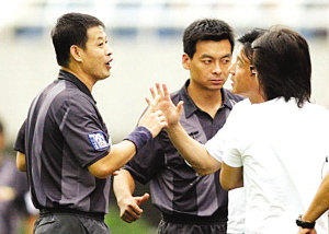 第17輪中超最后的兩場角逐昨天進行,北京國安主場以3:0戰(zhàn)勝長沙金德,陜西中新浐灞隊在主場1:2不敵山東魯能隊。陜西中新隊成耀東賽后情緒有些難以控制,他非常憤怒地暗指了對裁判的不滿。
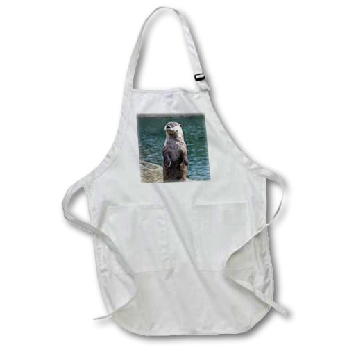 3dRose apr_4656_2 Otter Medium Length Apron with Pouch Pockets, 22 by 24-Inch
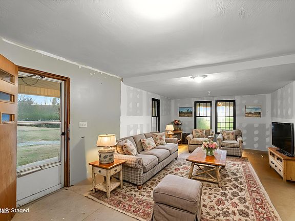 Just in time for your winter project, this three-bedroom, one-bath farmhouse sits on a half-acre lot and offers tons of potential. Enjoy a half wraparound porch and a total of 1,747 sq ft—including 1,224 sq ft on the main level and 523 sq ft upstairs.
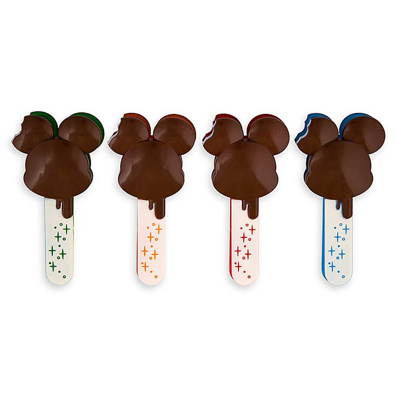 Aren’t these little guys cute?! Keep those chips n’ snacks fresh than with these Mickey Ice Cream Bar Bag Clips! The set comes with four clips, each in a different color and adorned with the iconic park treat.
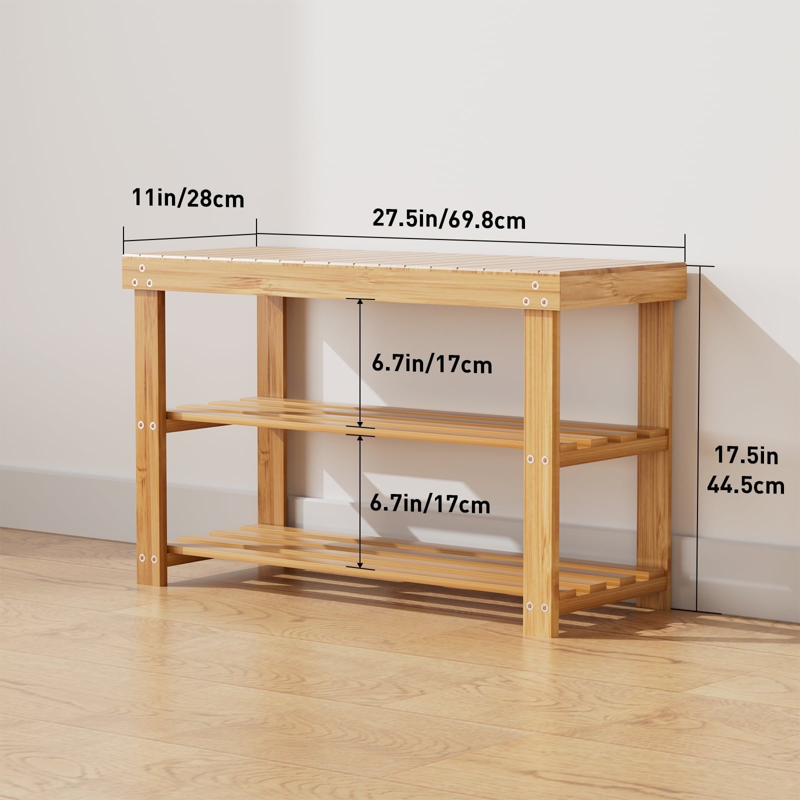 - Space-Saving Shoe Bench. Our CHITOOMA bamboo shoe rack and bench combination saves space with dimensions of 27.5" in length, 11" in width, and 17.5" in height, making it perfect for neatly organizing shoes or bags in the entryway.
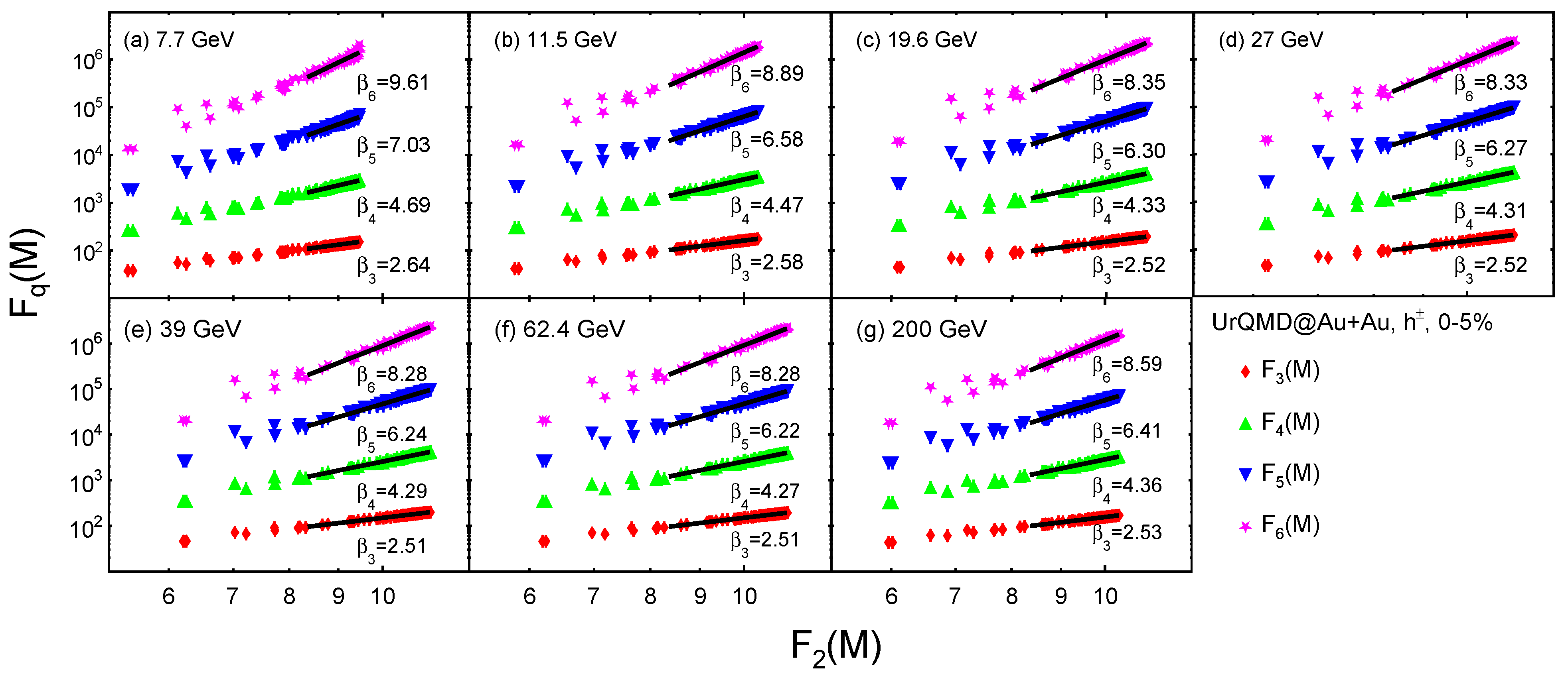25]. A clear power-law scaling of the higher-order SFMs with respect to the second-order SFM was observed at all energies after background subtraction. Moreover, in the most central (0–5%) collisions, a scaling index

━━━

_Exercise details_.
Would you restate all of the data above word for word, omitting the pictures?

_Solution to this problem_.
 第17輪中超最后的兩場角逐昨天進行,北京國安主場以3:0戰(zhàn)勝長沙金德,陜西中新浐灞隊在主場1:2不敵山東魯能隊。陜西中新隊成耀東賽后情緒有些難以控制,他非常憤怒地暗指了對裁判的不滿。
 3dRose apr_4656_2 Otter Medium Length Apron with Pouch Pockets, 22 by 24-Inch
 Just in time for your winter project, this three-bedroom, one-bath farmhouse sits on a half-acre lot and offers tons of potential. Enjoy a half wraparound porch and a total of 1,747 sq ft—including 1,224 sq ft on the main level and 523 sq ft upstairs.
 Aren’t these little guys cute?! Keep those chips n’ snacks fresh than with these Mickey Ice Cream Bar Bag Clips! The set comes with four clips, each in a different color and adorned with the iconic park treat.
 - Space-Saving Shoe Bench. Our CHITOOMA bamboo shoe rack and bench combination saves space with dimensions of 27.5" in length, 11" in width, and 17.5" in height, making it perfect for neatly organizing shoes or bags in the entryway.
25]. A clear power-law scaling of the higher-order SFMs with respect to the second-order SFM was observed at all energies after background subtraction. Moreover, in the most central (0–5%) collisions, a scaling index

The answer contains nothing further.